Kim stood in the door frame, hands in his pockets. No one looked up from their screen. He cleared his throat.
“Hey,” he made sure it was loud enough to be heard over the audio scripts.
There was no response.
He’d never been in the Compound without a shirt before. The cold air was making him shiver. “Some of you probably know me. I’m Kim.”
A few annoyed glances shot his way from the first row.
One of the elders sitting closest to the entrance took out his earpiece. Kim was pretty sure his name was Jal. He’d been a fourthyear when Kim was a kid. Last year Jal had made a secondyear run naked through the whole district before first bell.
“You serious?” Jal asked, scowling.
Kim tried to keep his voice steady and passionless, but the words in his head were a jumble. How was he supposed to get them to understand? What could he say to make them listen? “It’s a mess out there,” Kim tried. “Some fluff is the new Key, and if we don’t get enough vouchers—”
“Does anyone know anything about vouchers?” Jal interrupted him, calling out to the room. It got a few muttered “no”s from people whose eyes didn’t leave their screens.
“Wait, listen, I just need half an hour, tops.
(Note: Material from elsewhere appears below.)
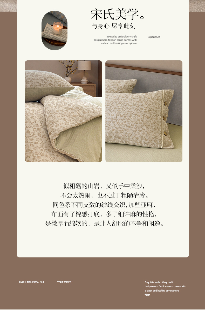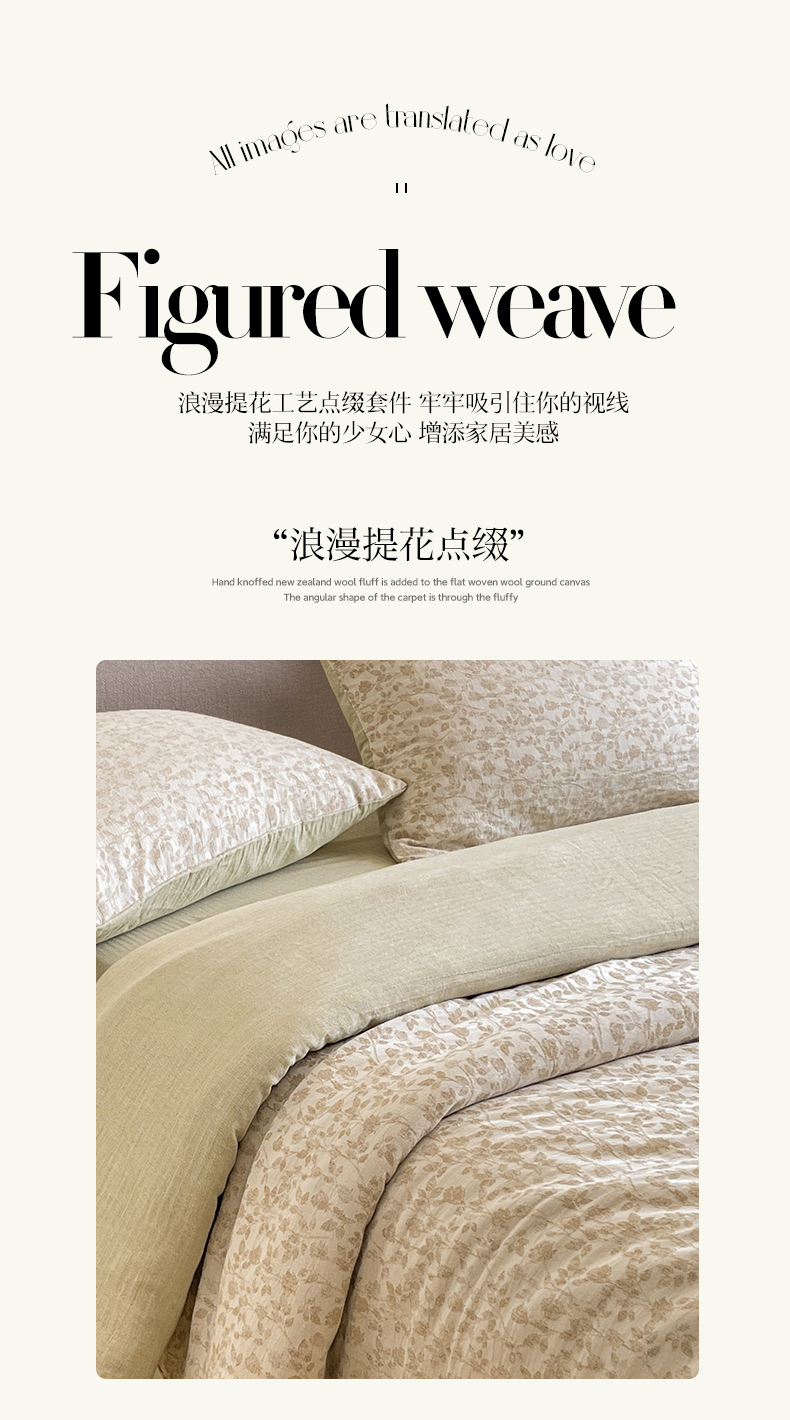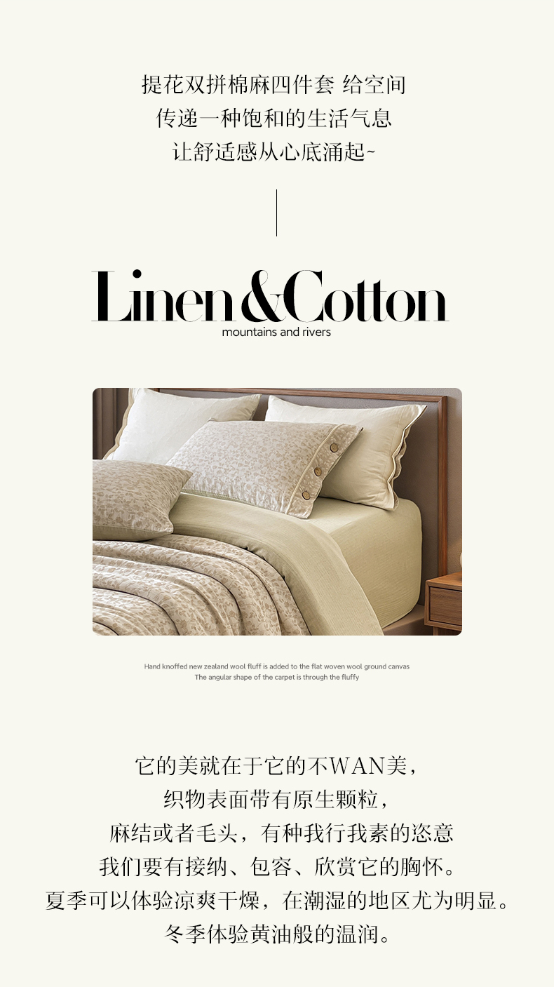 商品名称:树下 2026新款A类色织提花纽扣款棉麻四件套 曼眉

People will listen to you,” Kim knew he sounded desperate, but there was no masking the truth. “No one can fix this except—”
Jal got up from his station, tossing his earpiece at the screen, and took the few steps necessary to stand next to Kim. They were almost the same size, but that wouldn’t matter in a room full of Jal’s friends. “I don’t have the time to shut you up.”
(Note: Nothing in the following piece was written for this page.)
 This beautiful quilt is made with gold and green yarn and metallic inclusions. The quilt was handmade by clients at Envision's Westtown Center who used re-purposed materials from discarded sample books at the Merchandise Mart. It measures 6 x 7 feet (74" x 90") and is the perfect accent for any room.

“Please, can you just—” Kim began to say, but at Jal’s darkening expression the words dried up.
“Bring him over here,” said someone behind Jal’s back. “He’s got a nice mouth on him and I could use a break.” Laughter spread through the room. “This Chemoplastics final is killing me.”
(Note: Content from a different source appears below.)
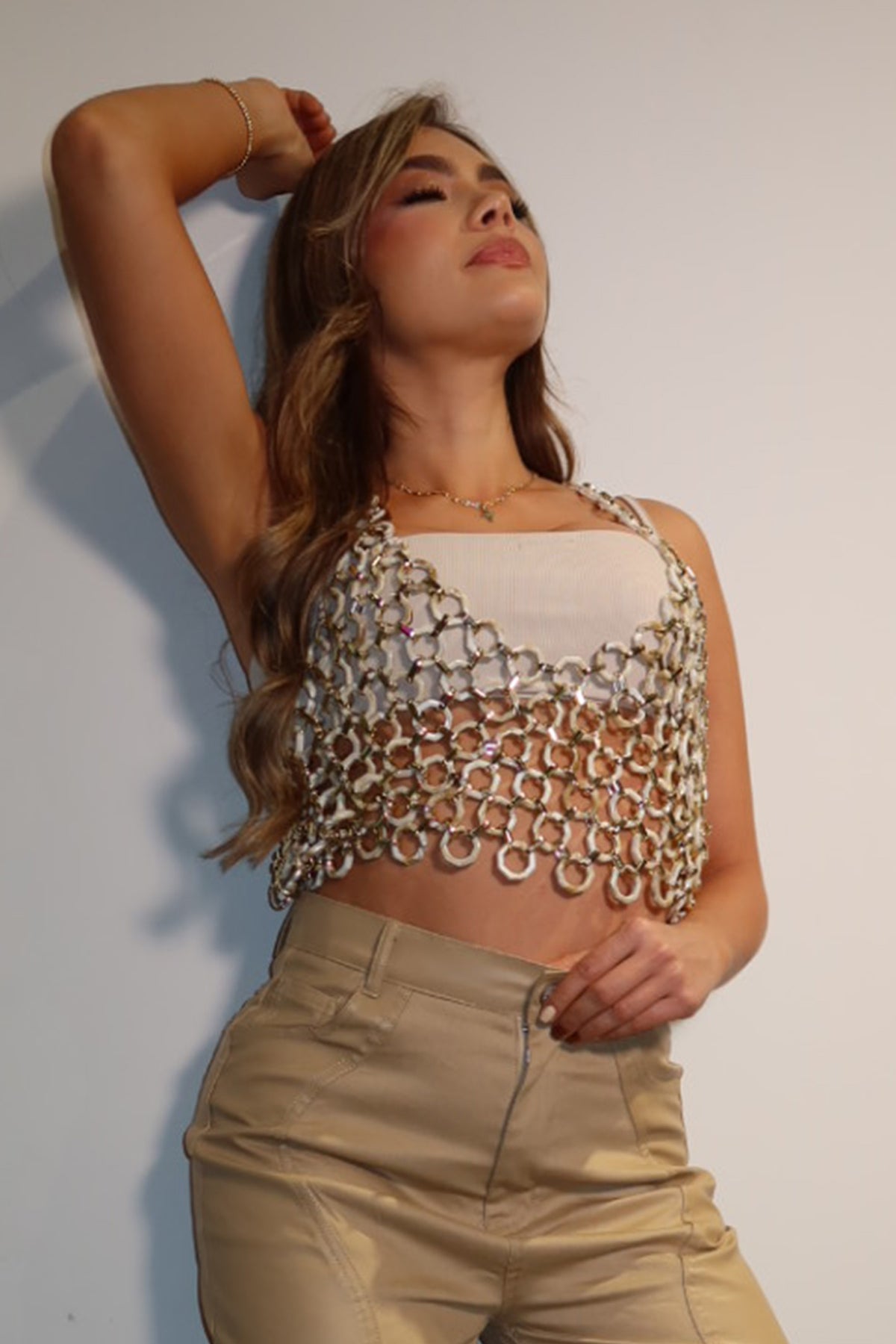 Sobrepuesto en aros en blanco y dorado con broches en la parte trasera

Kim took a step back, and then another, until he was back in the hallway.
It was useless. None of them would help. They owed Sol, and she was gone, and nothing that happened past Transfer Day mattered to them. He tried another room, but a woman shoved him outside as soon as he opened his mouth. At the next room they wouldn’t even let him come in. No one wanted a brawl in the Compound, not today, not even the elders, but they weren’t going to let him keep making noise either.
He passed a few more rooms before turning back. He could try again later, maybe, after dinner. If he made himself enough of a nuisance maybe some of them would at least hear him out, eventually.
In the meantime maybe he could convince a few people in his building to take shifts, guard the entrance. He couldn’t imagine what the 942 would look like after last bell.
Of course he knew it wouldn’t last, even if they managed to protect themselves for a while. Next week, next month, the district would still have a kid for a Key, and everything would still be a mess.
He didn’t realize where he was until he heard someone call his name.
It was Dej.
“We waited,” she said. “You didn’t come. After first bell… it was better to be here.”
They stood in a peripheral corridor, next to an emergency door to the infirmary. The orange light next to the lock blinked on and off. Dej ran her fingers over the slot intended for the Key’s card.
“He’s better, now. Studying,” she said, before he could ask about Tyen.
Kim nodded. He’d let her deal with the chaos alone all morning, and for what? “I’m sorry.”
She shrugged, looking at her boots.
“Everything is just…” Kim said, taking a long breath.
Dej nodded and started walking. Kim followed. She’d probably picked a classroom for the day by now.
“You think,” she said, walking a few steps ahead of him, “if we’d been assigned to some other district, would it still be like this?”
Kim thought about it for a moment before a new realization chased everything else out of his head.
He stopped.
“The deal,” he said, quietly, as Dej turned to look at him. “I have to call off the deal with the other Key.”